According to Ron Stork, senior policy advocate for Friends of the River, only one river in the state is undammed from source to ocean: the Smith River, tucked up in the northwest corner of California near the Oregon border.

But the Smith isn't the only answer we got.

"The Cosumnes is the only major river that I know of that does not have a major dam on it," said Eli Ilano, deputy forest supervisor for the Tahoe National Forest, raising the question of what's considered a "major" river.

"There is a small dam on [the Cosumnes]," Steve Rothert, the California Director at American Rivers pointed out. "I think it's now sort of defunct, but it does have a dam on it."

Instead, Rothert pointed to a small tributary of the Tuolumne. "Many people consider there to be one river that's not dammed in California, and that's the Clavey River."

Others suggested the Mattole in the Lost Coast and the South Fork of the heavily dammed and diverted Trinity River.
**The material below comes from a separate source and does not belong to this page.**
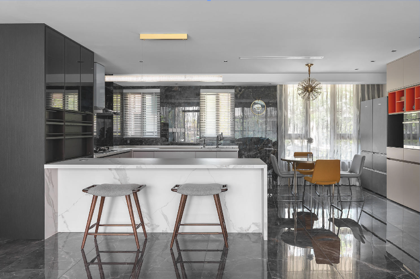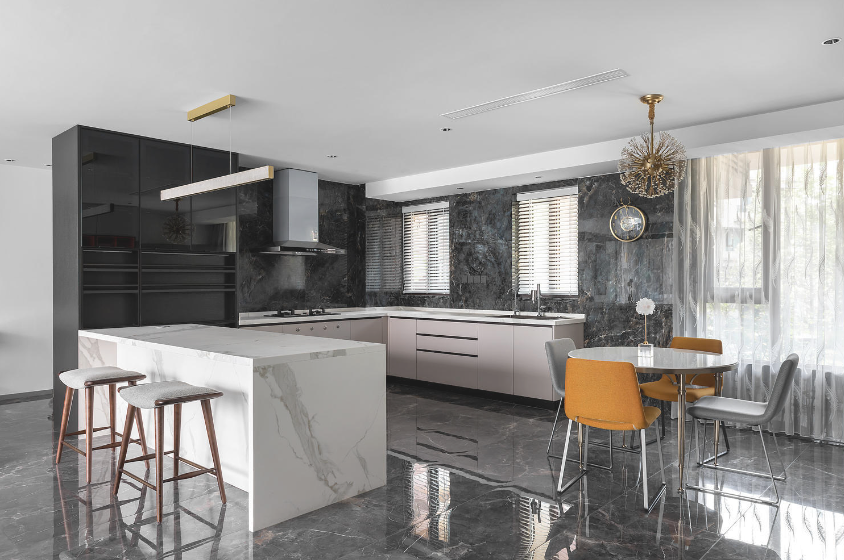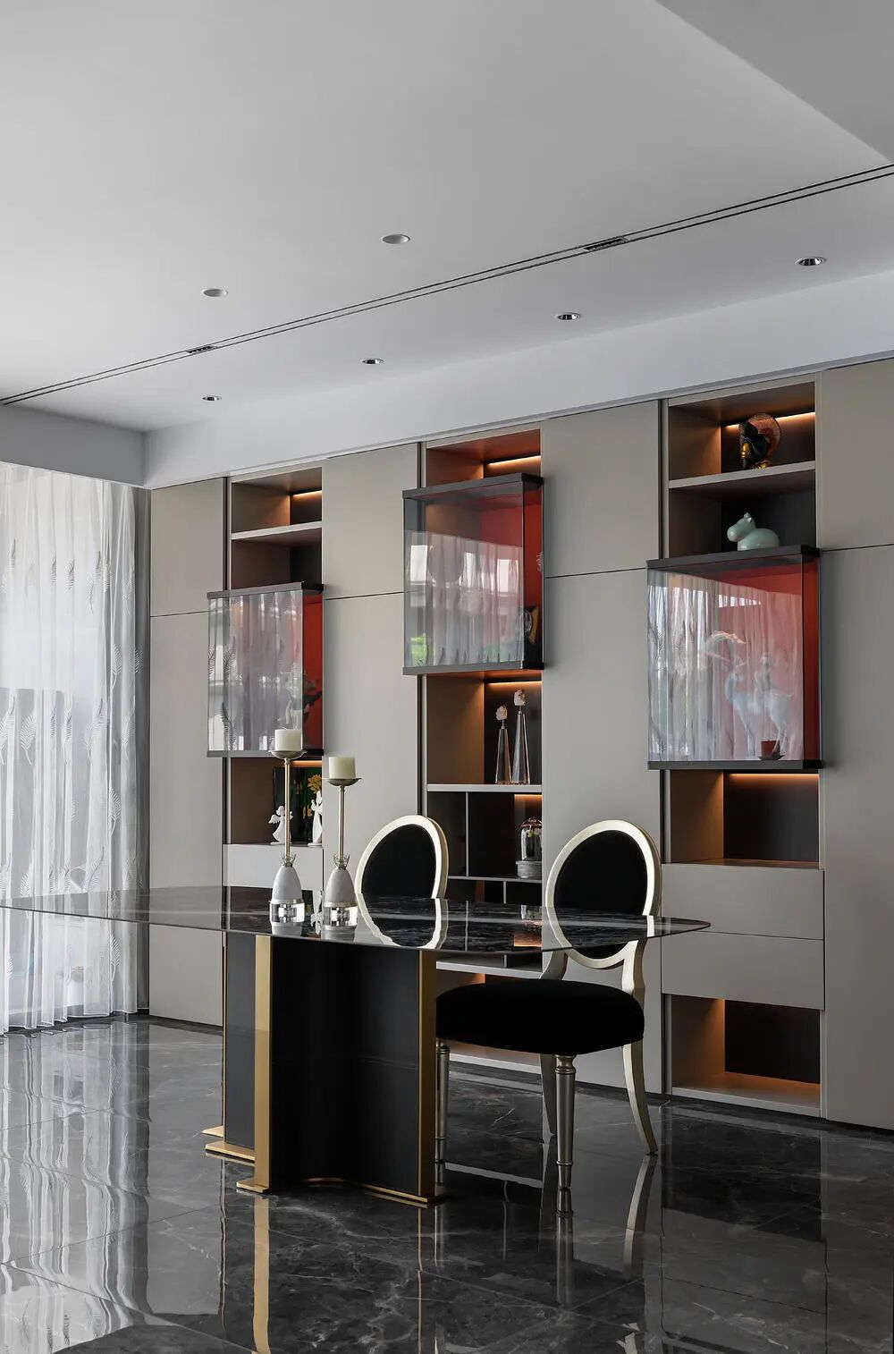 厨房整体简约明亮,黑色柜体搭配白色大理石岩板,优雅温厚,稳重内敛。开放格与玻璃柜门的组合,搭配隐藏灯带,温馨而又有视觉层次感,简约而不简单。

It all depends what your definition of "dam" is, said Jeanine Jones, interstate resources manager for the California Department of Water Resources. "There are some rivers that people conventionally speak of as being "undammed," but in fact have some small diversion dams on them."

It also depends on what your definition of "river" is.

"In some respects this issue is a little bit harder in California because of our very climate and the fact that we do have some rivers that are very wet and some that are basically ephemeral streams," Jones said.

"Anyway you cut it," said Stork of Friends of the River, "we dammed a heck of a lot of rivers."